Abstract | Full Text | PDF (289 kb) - …more
Copyright © 1996 The Biophysical Society. All rights reserved.
Biophysical Journal, Volume 70, Issue 3, 1432-1438, 1 March 1996
doi:10.1016/S0006-3495(96)79702-3
Research Article
Tension relaxation after stretch in resting mammalian muscle fibers: stretch activation at physiological temperatures
G. Mutungi and K.W. Ranatunga
Department of Physiology, School of Medical Sciences, University of Bristol, England.
Abstract
Tension responses to ramp stretches of 1–3% Lo (fiber length) in amplitude were examined in resting muscle fibers of the rat at temperatures ranging from 10 degrees C to 36 degrees C. Experiments were done using bundles of approximately 10 intact fibers isolated from the extensor digitorum longus (a fast muscle) and the soleus (a slow muscle). At low temperatures (below approximately 20 degrees C), the tension response consisted of an initial rise to a peak during the ramp followed by a complex tension decay to a plateau level; the tension decay occurred at approximately constant sarcomere length. The tension decay after a standard stretch at approximately 3–4.Lo/s contained a fast, an intermediate, and a (small amplitude) slow component, which at 10 degrees C (sarcomere length approximately 2.5 microns) were approximately 2000.s-1, approximately 150.s-1, and approximately 25.s-1 for fast fibers and approximately 2000.s-1, approximately 70.s-1 and approximately 8.s-1 for slow fibers, respectively. The fast component may represent the decay of interfilamentary viscous resistance, and the intermediate component may be due to viscoelasticity in the gap (titin, connectin) filament.
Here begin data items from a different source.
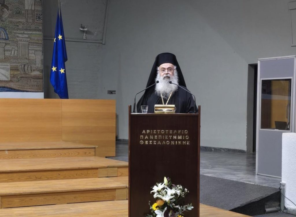 Με συγκινεί ιδιαίτερα το γεγονός ότι βρίσκομαι στη Θεσσαλονίκη, την αποστολοβάδιστη, την αγιοτόκο, την πόλη του του Αγίου Δημητρίου, των Αγίων Κυρίλλου και Μεθοδίου, του Αγίου Γρηγορίου του Παλαμά.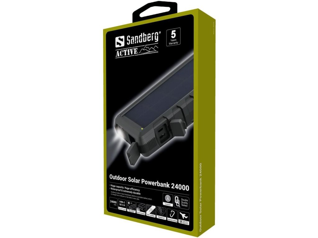 Sandberg Outdoor Solar Powerbank 24000je přenosná baterie, která se nabíjí přes USB port nebo vestavěné solární články.Získáte až 9 nabíjecích cyklů pro typický smartphone a díky pevnému a dešti odolnému obalu vydrží i v drsných podmínkách.S konektorem USB-C pro nabíjení zařízení USB-C. Obsahuje QC 3.0 USB konektor pro rychlé nabíjení podporovaných zařízení.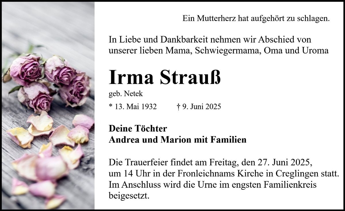 Irma Straußgestorben am 9. Juni 2025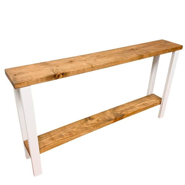 Large Walnut/White Rectangle Wood Console Table with Storage, 58 in.

The two- to threefold fast-slow muscle difference in the rate of passive tension relaxation (in the intermediate and the slow components) compares with previously reported differences in the speed of their active contractions; this suggests that "passive viscoelasticity" is appropriately matched to contraction speed in different muscle fiber types. At approximately 35 degrees C, the fast and intermediate components of tension relaxation were followed by a delayed tension rise at approximately 10.s-1 (fast fibers) and 2.5.s-1 (slow fibers); the delayed tension rise was accompanied by sarcomere shortening. BDM (5–10 mM) reduced the active twitch and tetanic tension responses and the delayed tension rise at 35 degrees C; the results indicate stretch sensitive activation in mammalian sarcomeres at physiological temperatures.